### ENTRIES SUPPLIED

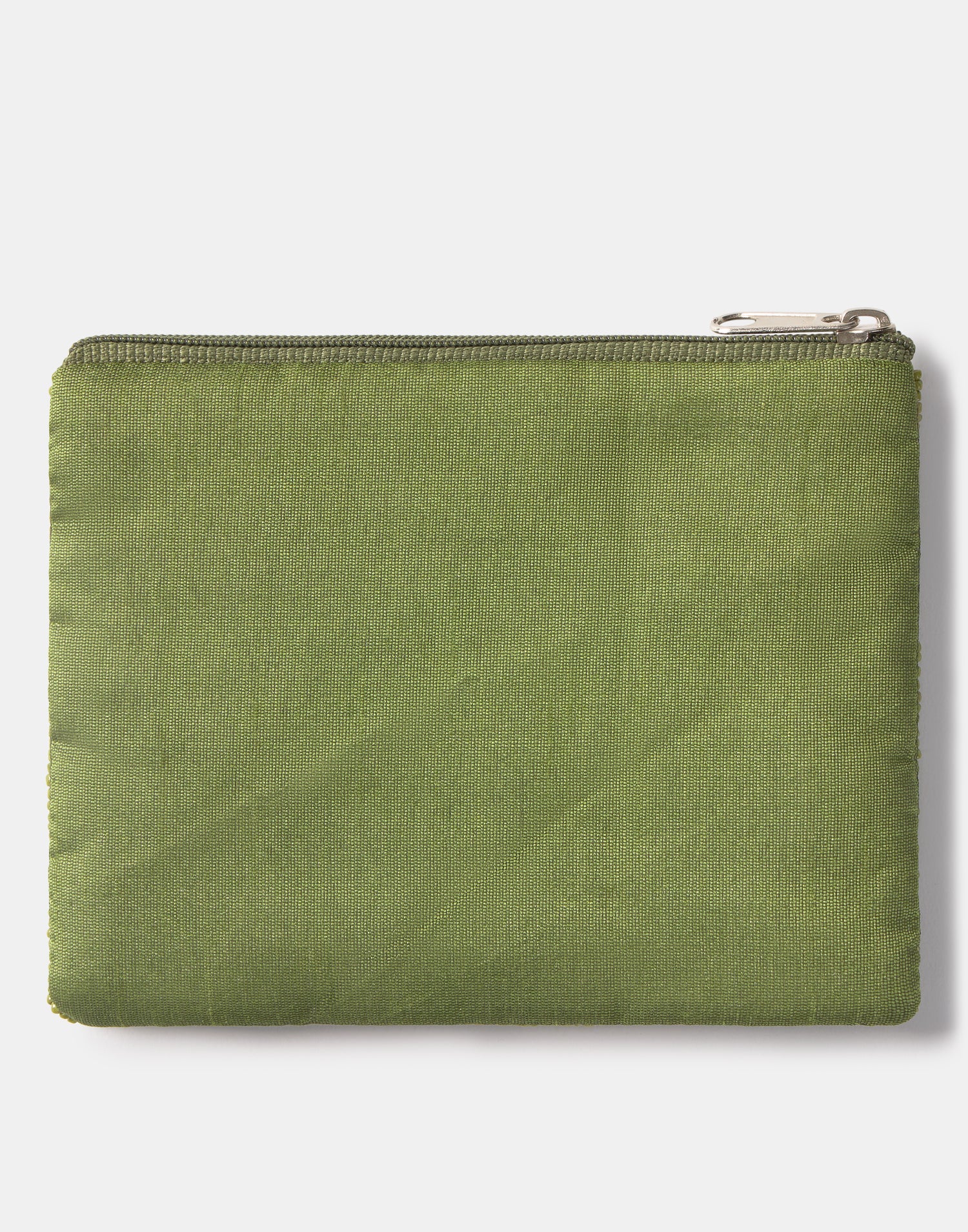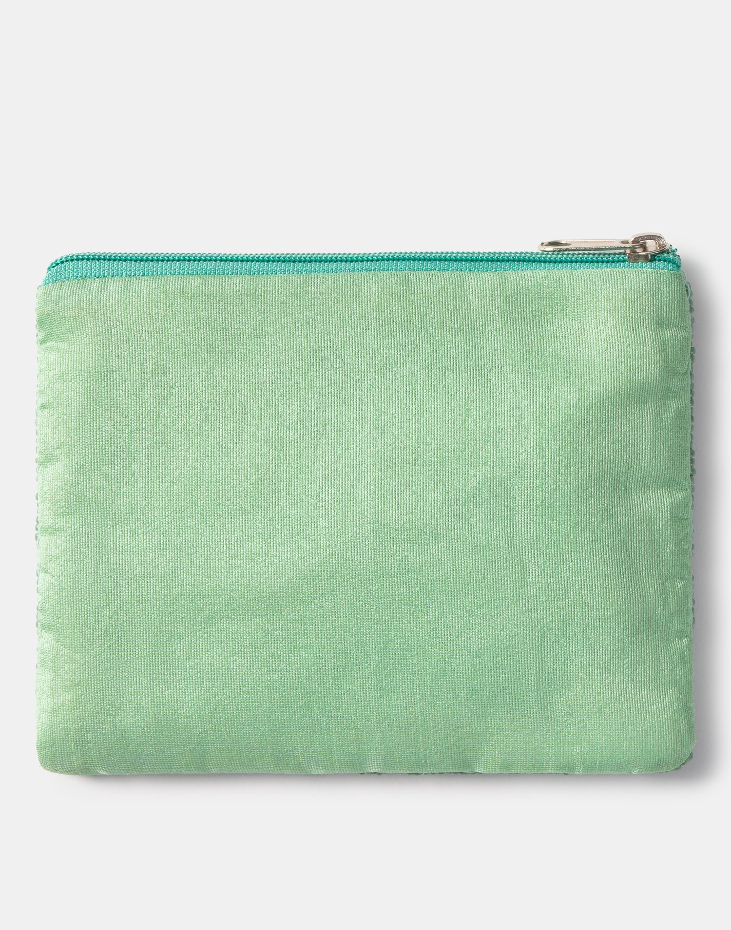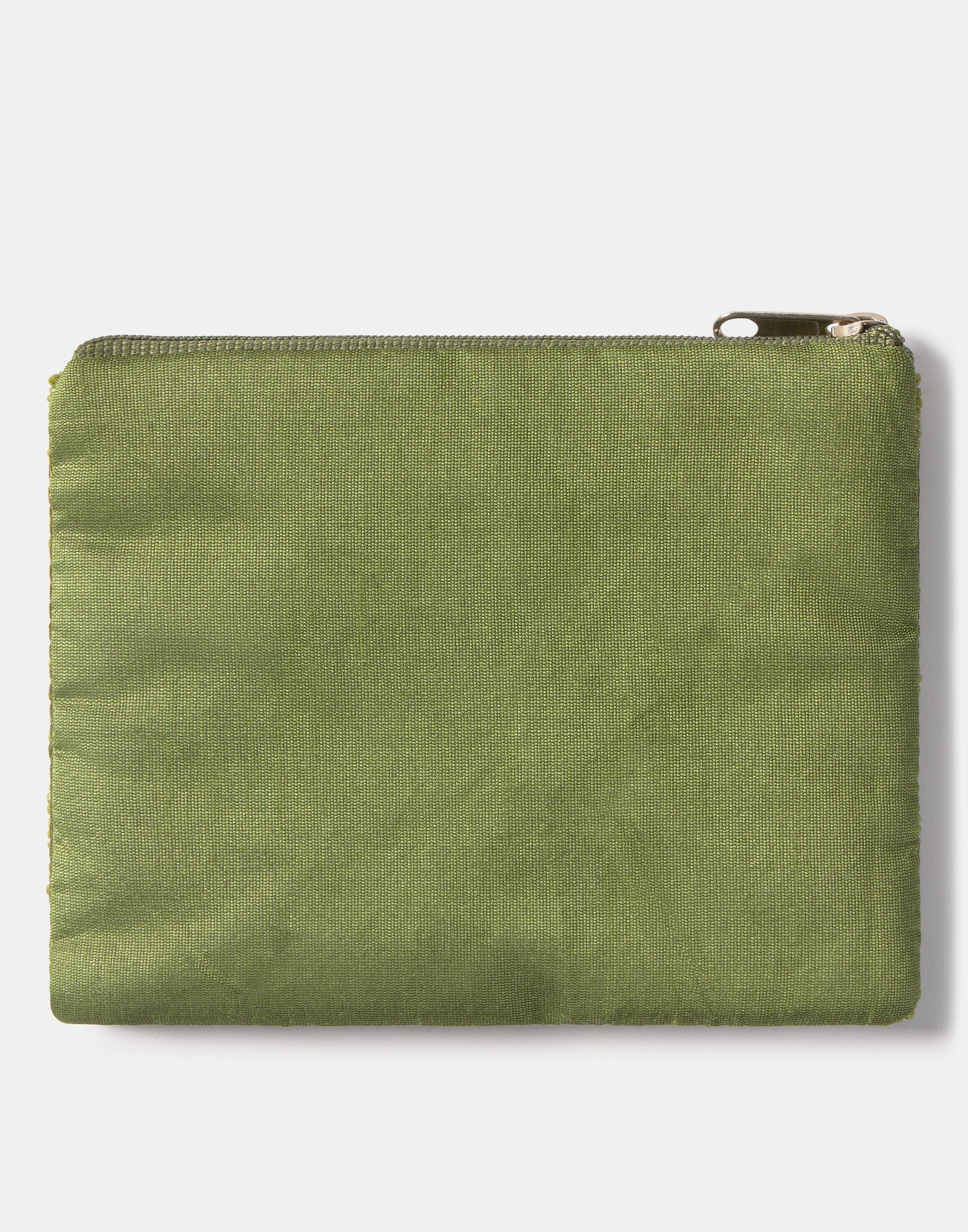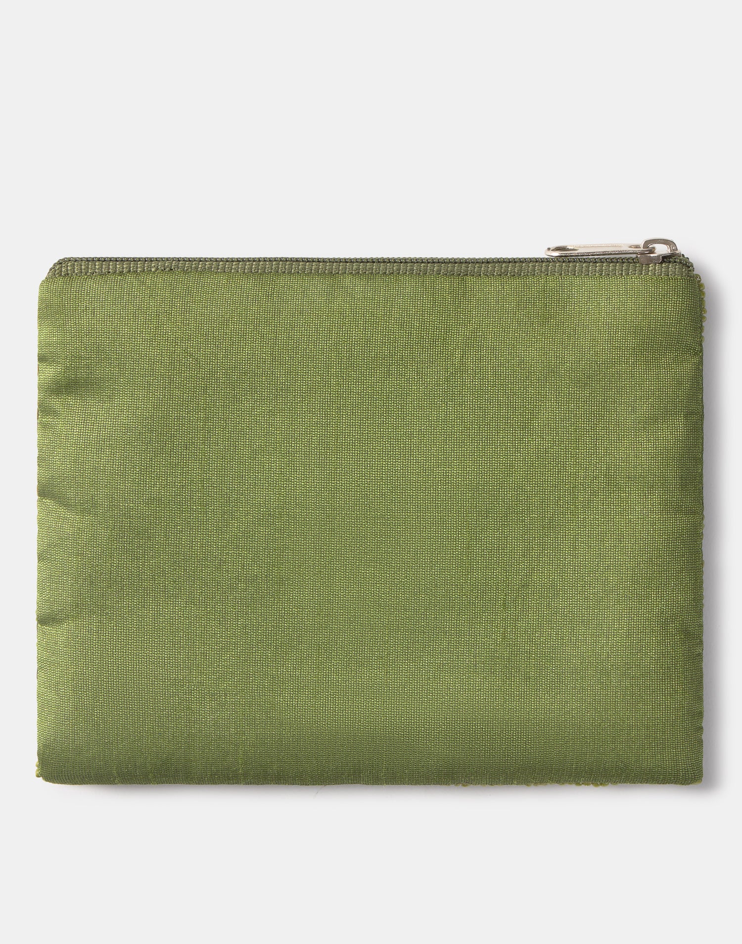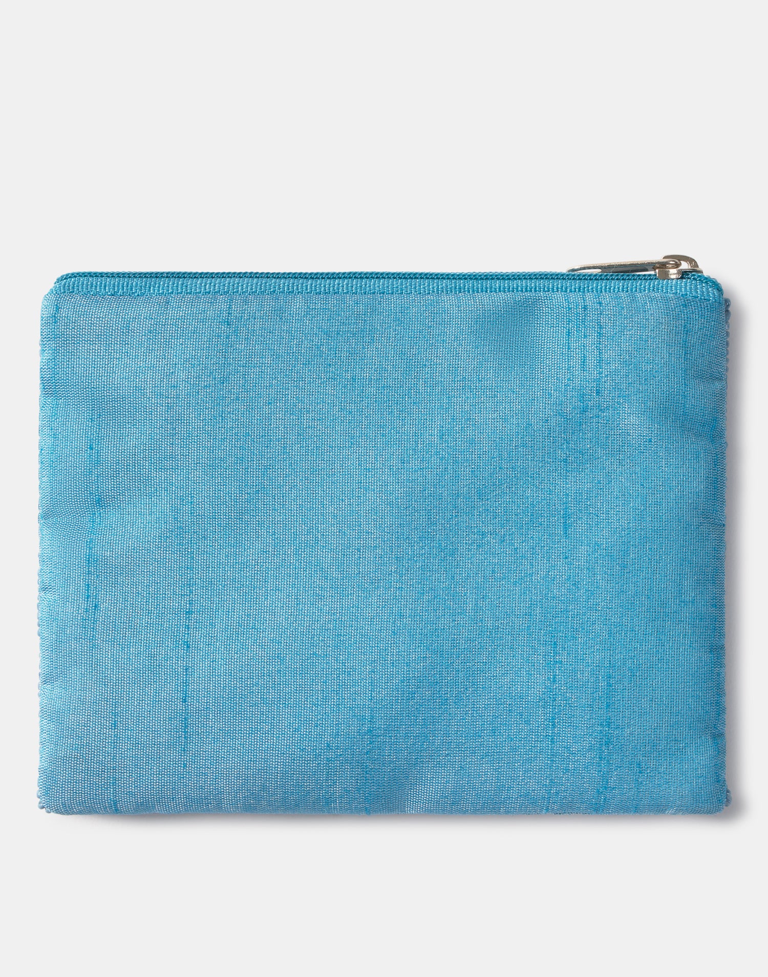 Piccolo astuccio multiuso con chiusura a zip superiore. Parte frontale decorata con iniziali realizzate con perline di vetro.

==

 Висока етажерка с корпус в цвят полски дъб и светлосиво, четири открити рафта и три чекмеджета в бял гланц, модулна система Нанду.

...

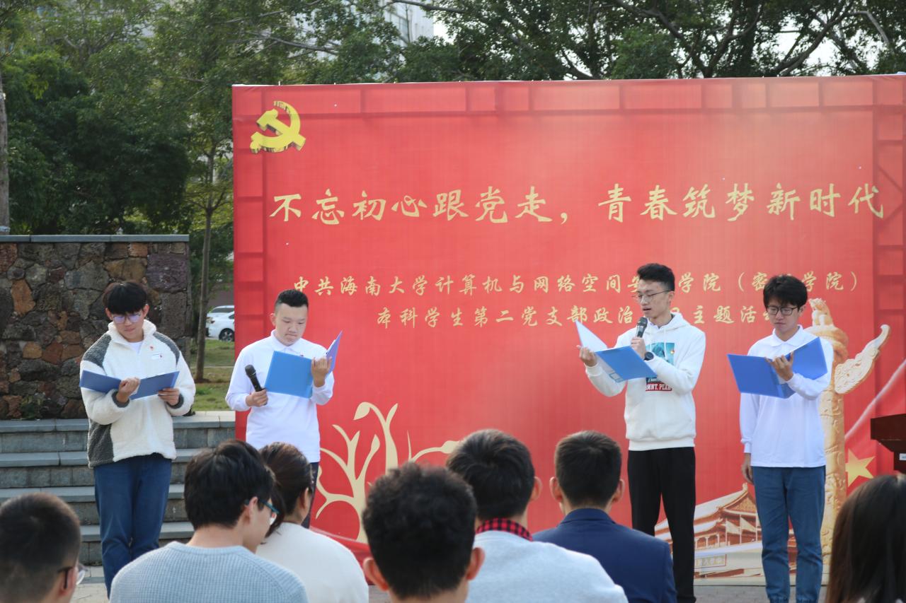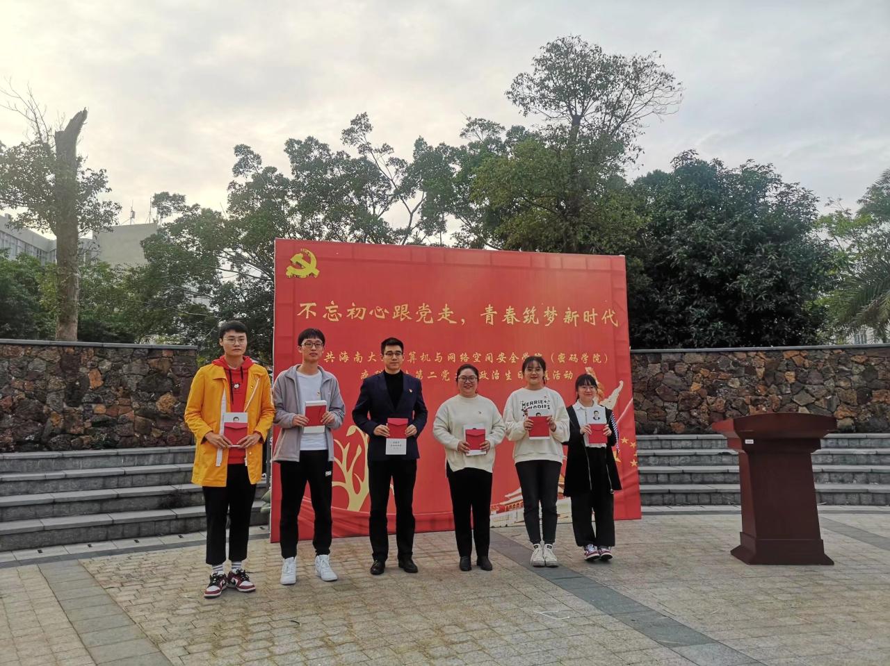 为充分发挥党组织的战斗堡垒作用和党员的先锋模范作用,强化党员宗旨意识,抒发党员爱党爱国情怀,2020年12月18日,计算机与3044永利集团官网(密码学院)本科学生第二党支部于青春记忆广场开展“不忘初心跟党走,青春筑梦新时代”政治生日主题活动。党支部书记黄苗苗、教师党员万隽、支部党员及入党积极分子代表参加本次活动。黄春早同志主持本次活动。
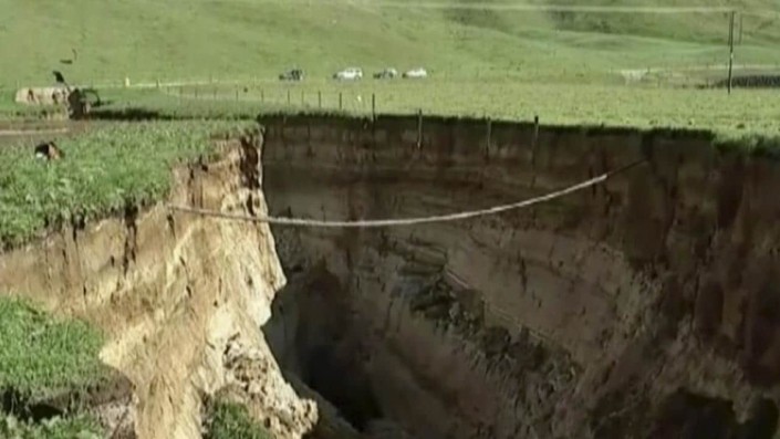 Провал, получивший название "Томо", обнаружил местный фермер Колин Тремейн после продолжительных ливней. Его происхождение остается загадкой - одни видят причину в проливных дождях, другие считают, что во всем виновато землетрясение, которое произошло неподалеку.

### WHAT YOU HAVE TO DO
Beginning at the line above that contains "为充分发挥党组织的战斗堡垒作" and going on through the line that contains "Провал, получивший название", please copy every line exactly, leaving the pictures out and adding nothing.

### FINAL ANSWER
 为充分发挥党组织的战斗堡垒作用和党员的先锋模范作用,强化党员宗旨意识,抒发党员爱党爱国情怀,2020年12月18日,计算机与3044永利集团官网(密码学院)本科学生第二党支部于青春记忆广场开展“不忘初心跟党走,青春筑梦新时代”政治生日主题活动。党支部书记黄苗苗、教师党员万隽、支部党员及入党积极分子代表参加本次活动。黄春早同志主持本次活动。
 Провал, получивший название "Томо", обнаружил местный фермер Колин Тремейн после продолжительных ливней. Его происхождение остается загадкой - одни видят причину в проливных дождях, другие считают, что во всем виновато землетрясение, которое произошло неподалеку.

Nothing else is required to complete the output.